Сильвия не могла удержаться от улыбки. Эльснер... что-то мигающее, нервное, хлипкое...

— Но ваш муж всегда такой тихий, — возразила она.

— Эльснер? Посмотрели бы вы на него раньше, когда он всей кафедрой вертел! Жить не давал людям: то вредителей ищет, то космополитов, то семитов!..

— Ну? И так переменился? — сказал Гатеев. — Не видно и не слышно.

— Да, да! — с ожесточением подхватила Нина Васильевна. — Переменился! От эпохальных событий такие типчики всегда меняются, теперь он мягкошерстый. Конечно, если нужно написать статью за подписью Асса, то он тут как тут...

— Он? За подписью Асса?.. — изумилась Сильвия. — И вы это знали?..

— Недавно догадалась. Кто же еще? Скучно ведь жить и видеть, что твоя персона не производит в мире никаких пертурбаций. И кстати — свадебный подарок Тамаре Леонидовне...

Нина Васильевна разволновалась. Гатеев налил ей вина, глядел сочувственно. Сильвия верила и не верила...

— Виктория! Ты кончила есть? — строго сказала Нина Васильевна. — Поблагодари, возьми из моей сумки пластилин и лепи... Она способная, умеет лепить чудесные вещицы. А главное — рассудительная девочка, не то что Олимпий.

У Вики подозрительно часто заморгали ресницы, — кажется, ей было жалко нерассудительного Олимпия.

— Может быть, Вика хочет печенья, вот здесь кренделек... — сказал Алексей Павлович.

-— Нет, нет, достаточно! Возьми пластилин, Вика, и слепи что-нибудь для тети Сильвии.

Девочка послушно встала и, вынув из сумки коробочку с пластилином, села в угол на кресло и принялась лепить, быстро перебирая пальчиками.
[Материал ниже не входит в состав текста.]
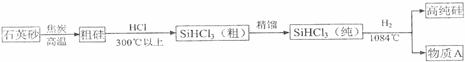 作為推行“低碳經(jīng)濟(jì)”的重要科技進(jìn)步,太陽能光伏發(fā)電成為2010年上海世博會(huì)的“亮點(diǎn)”。太陽能光伏發(fā)電最關(guān)鍵的材料是高純硅,三氯甲硅烷(SiHCl3)還原法是當(dāng)前制備高純硅的主要方法.生產(chǎn)流程示意如下:
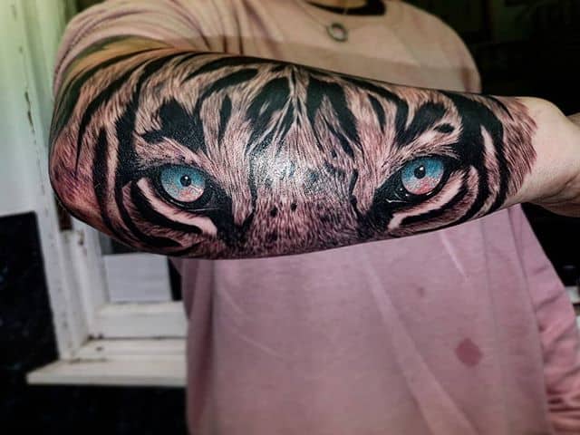 BIG session today for Nathan. 90% done with this lion/gladiator piece. More detail and upper background to come. Thanks again buddy! 🏻 . . . .
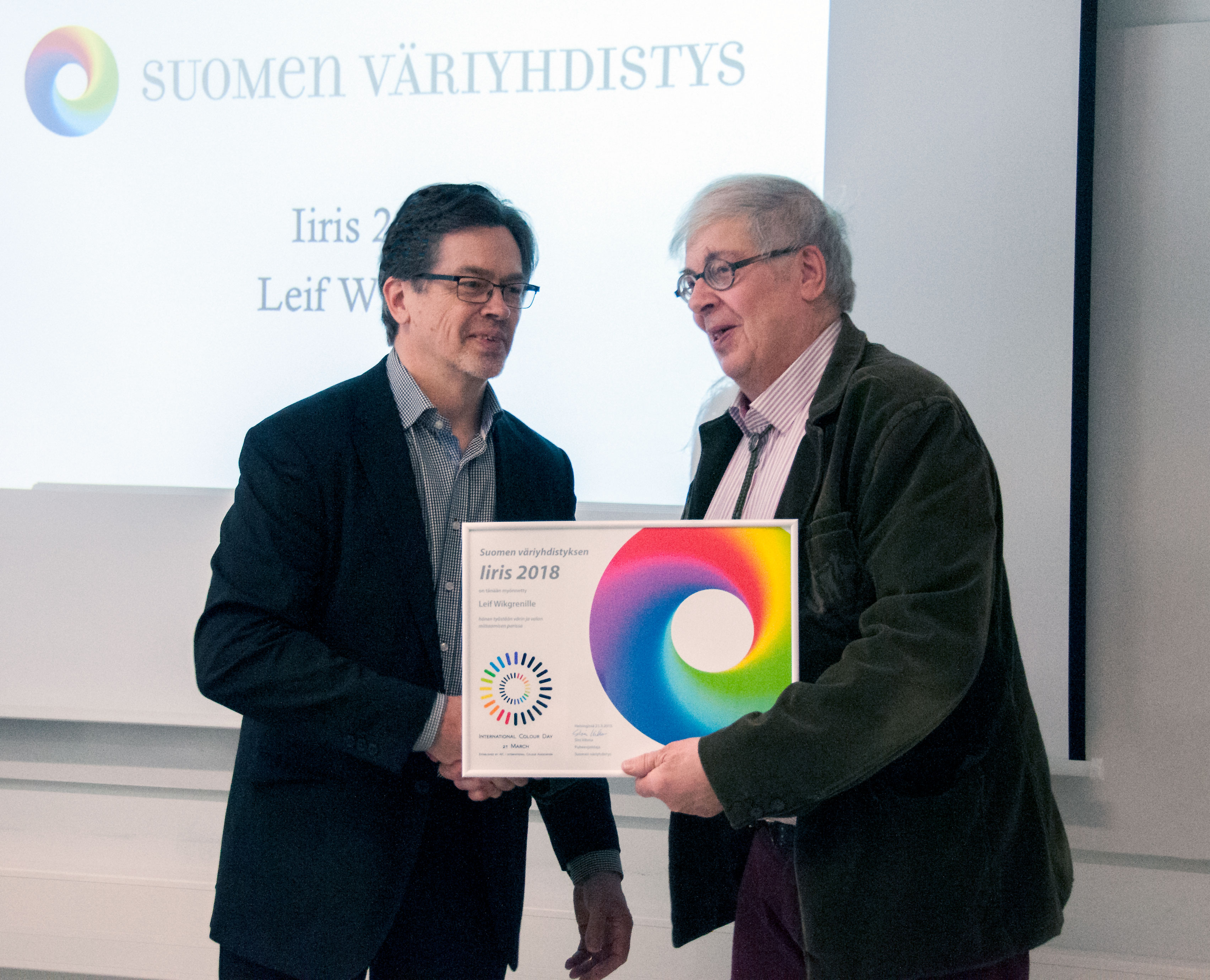 The Finnish Colour Association’s Iiris 2018 was awarded to Leif Wikgren, Sales Manager at Oy Mitaten Finland Ab, for his long career in the measurement of colour and light. Colour and light have meant much more than just an employment for Leif Wikgren. During his long career he has transferred knowledge about colorimetry, photometry and measurement of surface quality to countless clients, students and professionals in Finland and the Nordic countries. Leif Wikgren worked first for some ten years under various companies in the photography business until in 1994 he founded together with Peter Korhonen Oy Mitaten Finland Ab. Leif Wikgren’s expertise has been called upon in many ways. He is a founding member of Suomen väriyhdistys, The Finnish Colour Association, and was instrumental in creating a modern colorimetric definition for the colours of the Finnish national flag. In recent years Leif Wikgren has devoted himself to disseminating information about the interaction of colour and illumination.

Сильвия подошла к ней, заинтересованная быстротой движений, но девочка застеснялась, смяла пластилин. Сильвия, оставив ее в покое, взяла чайник, чтобы унести его в кухню и долить. И вдруг краем глаза увидела нечто невероятное: Нина Васильевна на миг прильнула головой к плечу Гатеева. И миг-то был довольно долгий... Пожалуй, можно было сосчитать до трех.

Долив в кухне чайник, Сильвия вернулась. Нина Васильевна посмотрела на нее блуждающим взором и засмеялась. Вика в кресле прилежно лепила.

— Разрешите встать... — сказал Алексей Павлович и пересел на диван. Выражение у него было слегка озадаченное, но благосклонное.

— А мне пора, — промолвила Нина Васильевна. — Нет, нет, больше никакого чаю... Виктория, я на тебя надеюсь!

— Не потеряй опять сумку, — сказала Виктория. Пальцы ее продолжали мять пластилин, ресницы вздрагивали.

— Завтра непременно сходи к Олимпию!

По щеке девочки покатилась крупная слеза. Она ее вытерла очень быстро, ладонью, и снова принялась лепить.

— Алексей Павлович! А ведь мы с вами почти соседи, — проворковала Нина Васильевна, роясь в сумочке, где деньги были перемешаны с конфетными бумажками и пересыпаны пудрой. — Вика, это тебе на расходы. Вот я сюда кладу, на тетин письменный стол... И дождь перестал, Алексей Павлович...

— Конечно, мне тоже пора, — сказал Гатеев, поднимаясь.

— Вика, ты смотри! У Олимпия, наверно, чулки прохудятся, купишь новые. Прощай, я тебе письмо напишу... — Она рассеянно чмокнула девочку, та не шелохнулась. — Уж вы извините, Сильвия Александровна, не сердитесь...

Гатеев церемонно, за руку, попрощался с Викой, что было очень оценено, — она сделала книксен и светски улыбнулась.

Светски улыбнулась и Сильвия, провожая гостей. Дверь за ними наконец захлопнулась, и можно было идти к Вике. Девочка подняла на нее виноватые глаза.

— Ну, что же тут у тебя?

Вика протянула ей свою работу: круглая подставочка из зеленого пластилина, а на ней группа маленьких фигурок. Сильвия, подойдя ближе к лампе, с удивлением разглядела все, что было на подставочке. Посередине группы стоял хромой человечек — одна нога вдвое короче другой, а вокруг него зверюшки — лиса, медвежонок, котята, птица, похожая на цаплю. Выразительность и чистота линий... Не верилось, что это сделали руки ребенка.

— Сколько тебе лет, Вика?

— Скоро будет девять, уже очень скоро.

— А что это за человечек?

Девочка не ответила. Сильвия разглядывала красную шляпу хромого с крошечным синим пером на тулье и снова дивилась чистоте и тщательности работы. Руки у человечка вытянуты вперед, пальцы растопырены...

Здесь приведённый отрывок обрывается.